What Are SSL certificates? Little talked about but they are a cornerstone of world wide web security. Essentially, they prove that a secure website is in fact secure – so when you go to your bank’s https website and see a padlock sign in your browser, it is the website’s digital certificate that is confirming the site is secure and that it is owned by your bank.

Obviously such certificates are closely guarded and not issued to just anybody. So when hackers steal hundreds of digital certificates you can imagine the potential danger – a fake site using a stolen certificate could be shown in your web browser as secure, even though it is not. Bad news all round if you innocently log in with your password or use your credit card to buy stuff on the site…

What Has To Be Fixed? All digital certificates issued by Digitar (the company which was hacked) have to be blocked – so they will no longer be trusted and cannot be used to fool people into thinking an insecure website is secure.

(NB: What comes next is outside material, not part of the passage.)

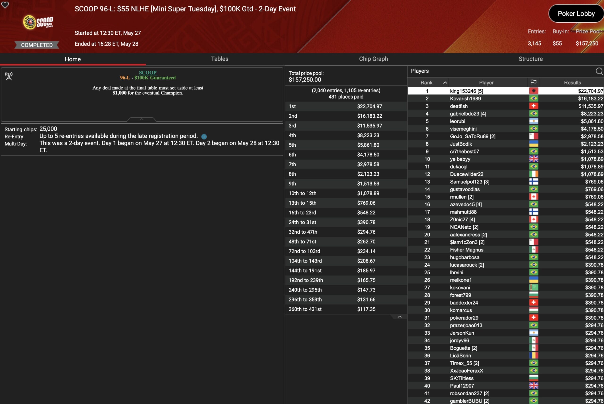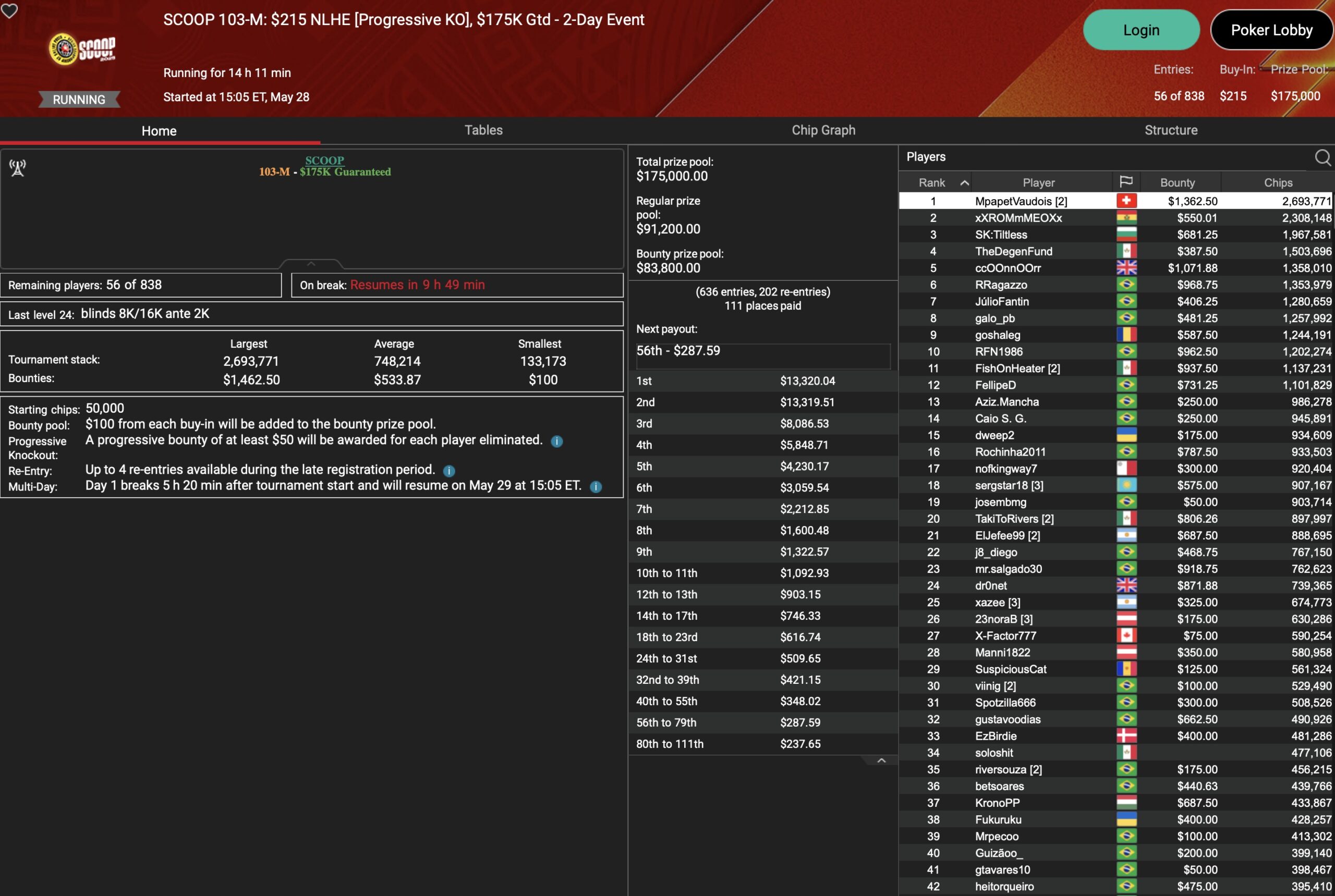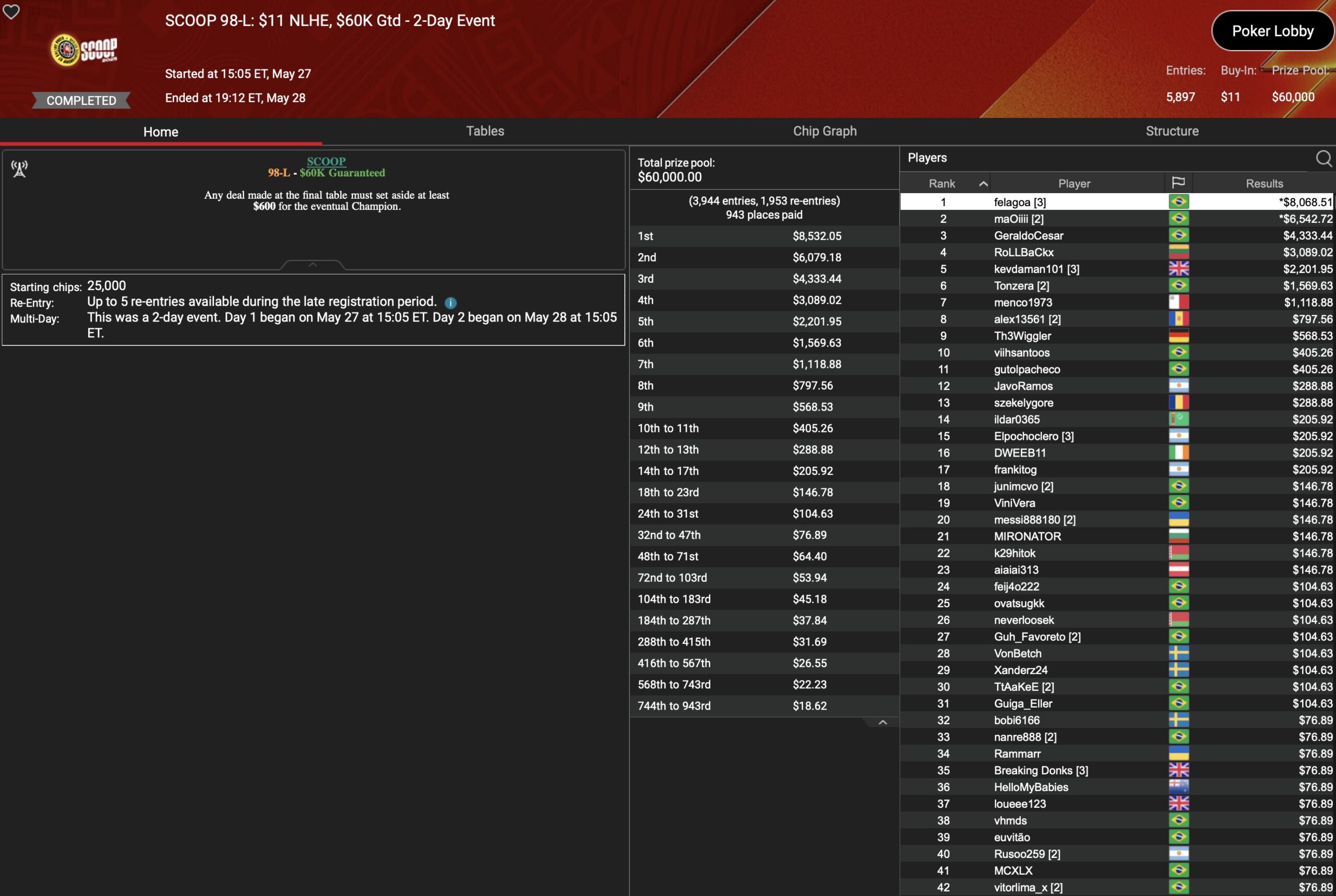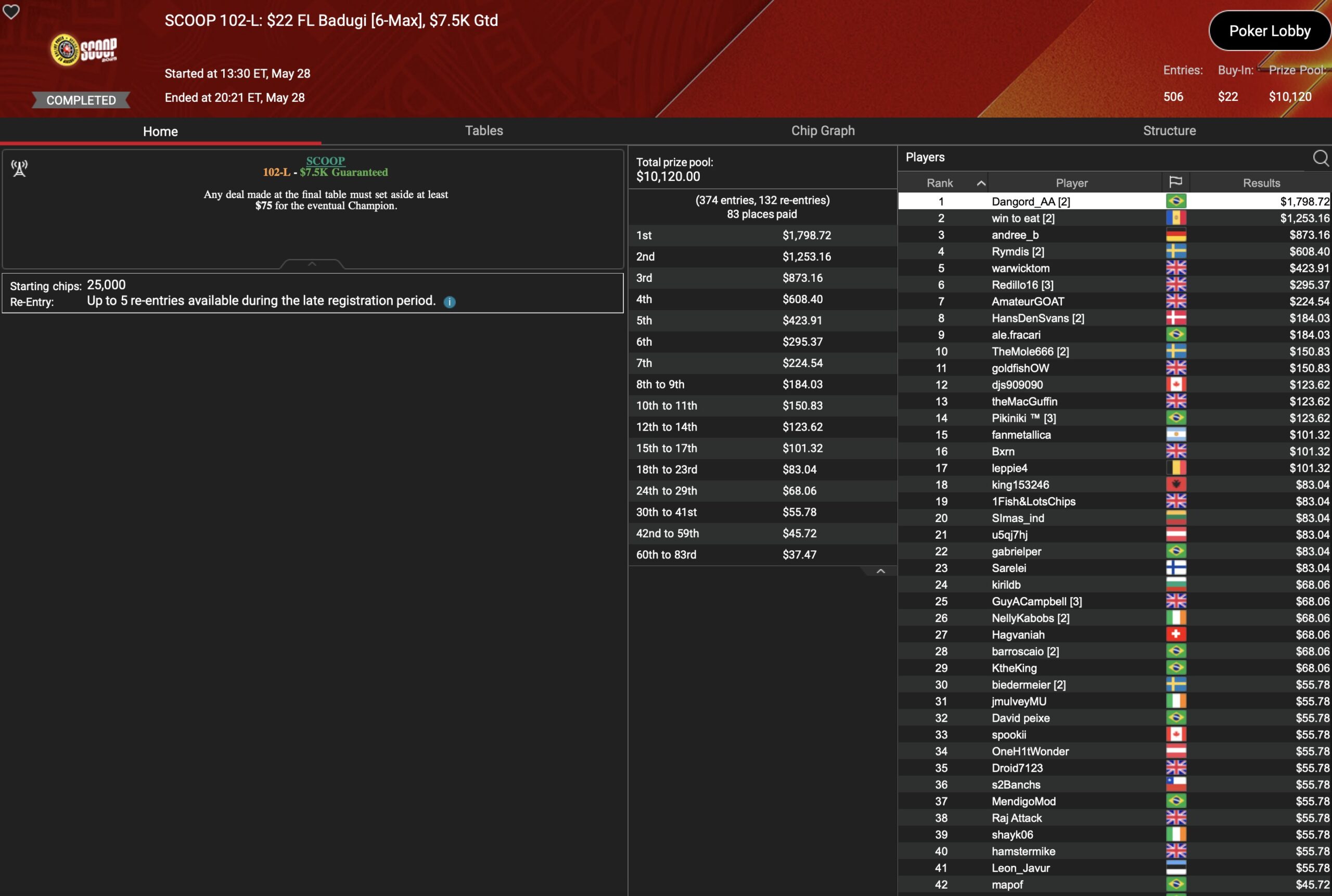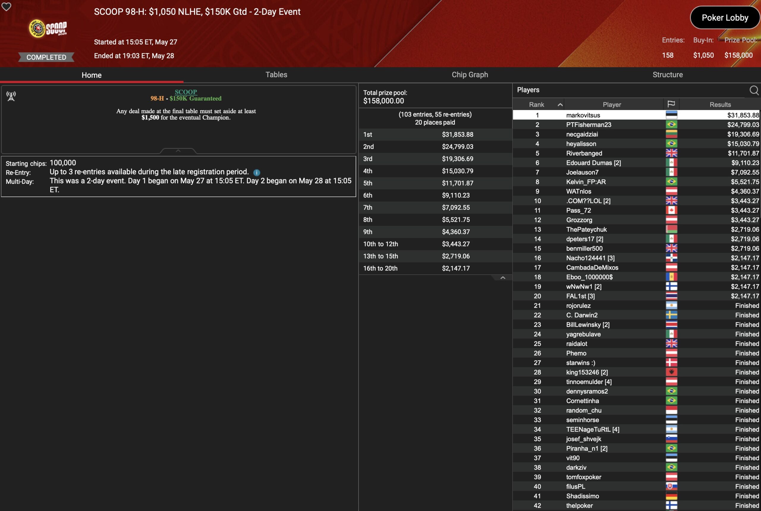 Das Hauptaugenmerk war jedoch auf das $5.200 SCOOP Main Event im High Buy-In Tier gerichtet. Hier kamen 679 (455+224) High Roller und Qualifikanten zusammen, um um $3.395.000 im Preispool zu spielen. Der Final Table des 4-tägigen Events wurde livegestreamt. Hier konnten mit EPT Champion Oliver „sk2ll_m0dr“ Weis und „fabsnb95“ zwei Spieler unter österreichischer Flagge Platz nehmen. Am Ende sollten es $65.279 für Weis auf Rang 8 und $121.726 für „fabsnb95“ auf Rang 6 werden. Mit dem Ausscheiden von „AceSpades11“ aus Kanada auf Rang 3 ($309.951) einigten sich die beiden Heads-Up Kontrahenten auf einen Deal. Der obligatorische Restbetrag, die Trophy und der nicht zu verachtende Titel als SCOOP Main Event Champion wurden weiter ausgespielt. Im entscheidenden Prflop All-In war der A4s Push von „hellzito“ aus Brasilien nicht erfolgreich gegen K9o seines Landsmanns „stek94“. Beide konnten sich allerdings um etwas eine halbe Million Dollar Preisgeld freuen. $495.583 gingen an „hellzito“, $505.633 an den neuen SCOOP Main Event Champion „stek94“.

The response for most web browsers has been swift – less than a week after the breach was first publicized:

Internet Explorer – done. Microsoft issued a Windows update earlier this week which blocks Digitar.
Firefox – done. Mozilla too issued a quick update.
Chrome – done. Google also were quick off the mark.
Safari in Windows – done. But only because Safari uses Windows certificates rather than its own i.e. Microsoft’s update fixed it for Safari too…
Safari in Mac OS X – nope, still a wide open goal :-(

Why Is Safari Still At Risk? Safari doesn’t store its own digital certificates like the other web browsers – it has to rely on the operating system to tell it which certificates are valid or blocked. Because MS updated Windows within a week, Safari on Windows is now ok.

However, Apple haven’t bothered updating their own Mac operating system so Mac OS X users of Safari are left completely unprotected from the threat of these stolen certificates. Apple are remaining tight lipped as to when (or indeed if) they plan to block Digitar – and they are quite rightly being hammered by security experts for their inaction.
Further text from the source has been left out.